The Federal Reserve Could Start a Financial Crisis

The Federal Reserve Could Start a Financial Crisis

A key point that the Federal Reserve chooses to ignore is that its high-interest rate policy heightens the chances of a financial crisis.

Rudi Dornbusch, the late MIT economist, said of the Mexican central bank that he could understand it making mistakes. After all, its board was composed of humans. However, what he could not understand was how the same people could keep making the same mistakes time after time.

Judging by Federal Reserve Chairman Jerome Powell’s press conference yesterday, where he omitted to reference heightened financial system risks as a major concern, we have to wonder whether Dornbusch’s incredulity might also apply to the Fed.

In 2008, the Fed made the major mistake of underplaying the risks that the subprime loan and housing market troubles posed to the country’s economic outlook. The net upshot was the 2008–2009 Great Economic Recession. Today, the Fed is underplaying the significant risks posed to the banking system by the recent spike in Treasury bond yields and the prospective wave of commercial real estate loan defaults.
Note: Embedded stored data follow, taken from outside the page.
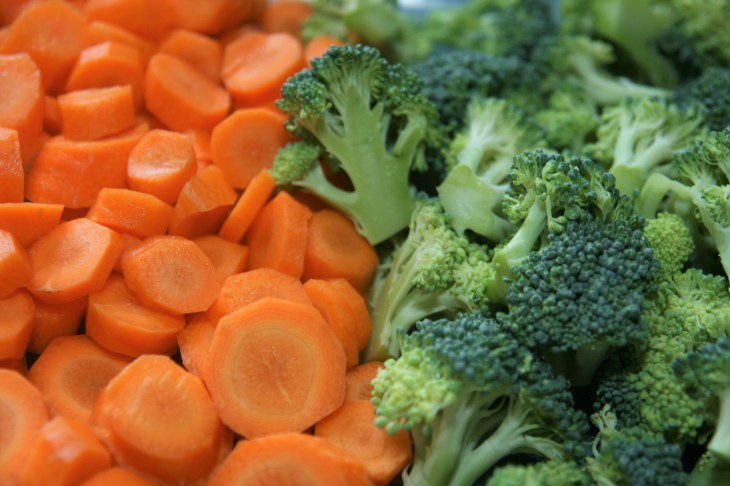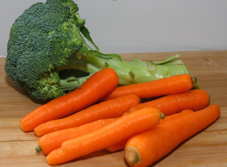 In a baking dish, mix the pieces of broccoli and carrots with the olive oil.
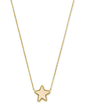 Accessorize with elegance and sparkle by adorning yourself with the captivating Kendra Scott Jae Star Gold Pendant Necklace in Iridescent Drusy. This necklace combines an iconic symbol with timeless design for a truly enchanting piece.
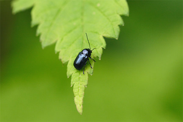 まんづ一発目は、先月初めに志賀高原で撮った「ヨモギハムシ」なんですが、その後の調査の結果、「バラルリツツハムシ」ではないかということになりました。ヨモギハムシというのは1cm以上ある大型のハムシだそうで、おいらが撮ったやつはパッと見5~6mmくらいしかありませんで、あの記事を書いたときからこの点が「?」だったんです。
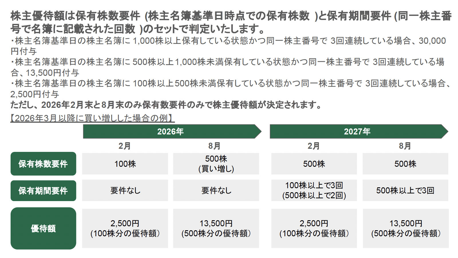 株主優待額について詳細を教えてください。
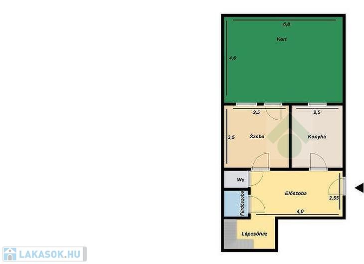 Földszint: előszoba, szoba, konyha, wc, fürdőszoba, 30nm-es kert
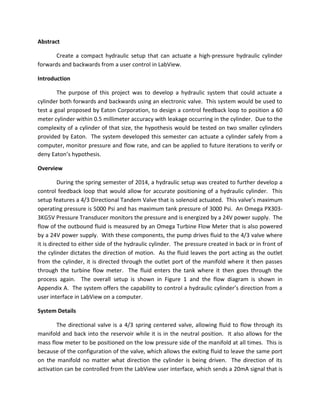 A hydraulic system was developed to actuate a cylinder forwards and backwards using an electronic valve. The system includes a directional valve, pressure transducer, and flow meter connected to a computer interface. It allows monitoring and controlling the cylinder's position. The interface displays pressure, flow rate, and includes controls to move the cylinder or return it to neutral. This provides a test system for developing feedback control of hydraulic cylinders.
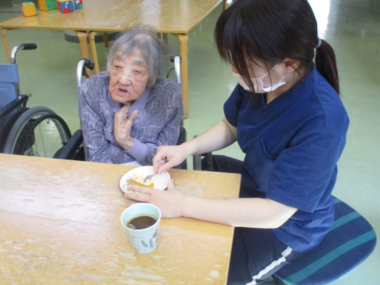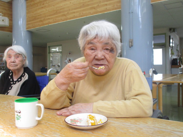 今回誕生会で出されたケーキはかぼちゃのタルトケーキでした!ケーキを美味しそうに頬張るK様!カメラ目線で「うめなぁ!」と話されていましたよ!
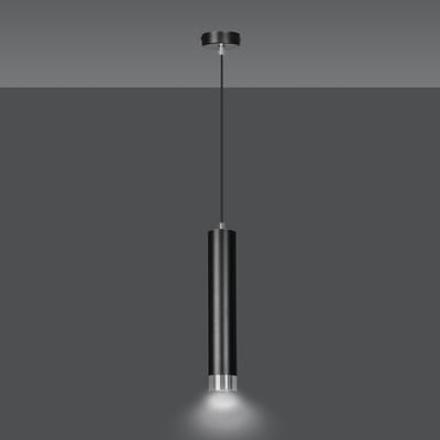 Lampa tuba wisząca czarno srebrna Kobo 5643/1

That all too likely is paving the way for a hard economic landing before the middle of next year. 

As late as March 2008, then-Fed Chair Ben Bernanke assured us that there was little reason to worry about the subprime loan defaults and the housing market bust that were unfolding. In fact, as late as June 2008, on the very eve of the Lehman bankruptcy, the Fed continued to raise interest rates. The net result of the Fed’s misjudgment was the deepest postwar economic recession up to that time.    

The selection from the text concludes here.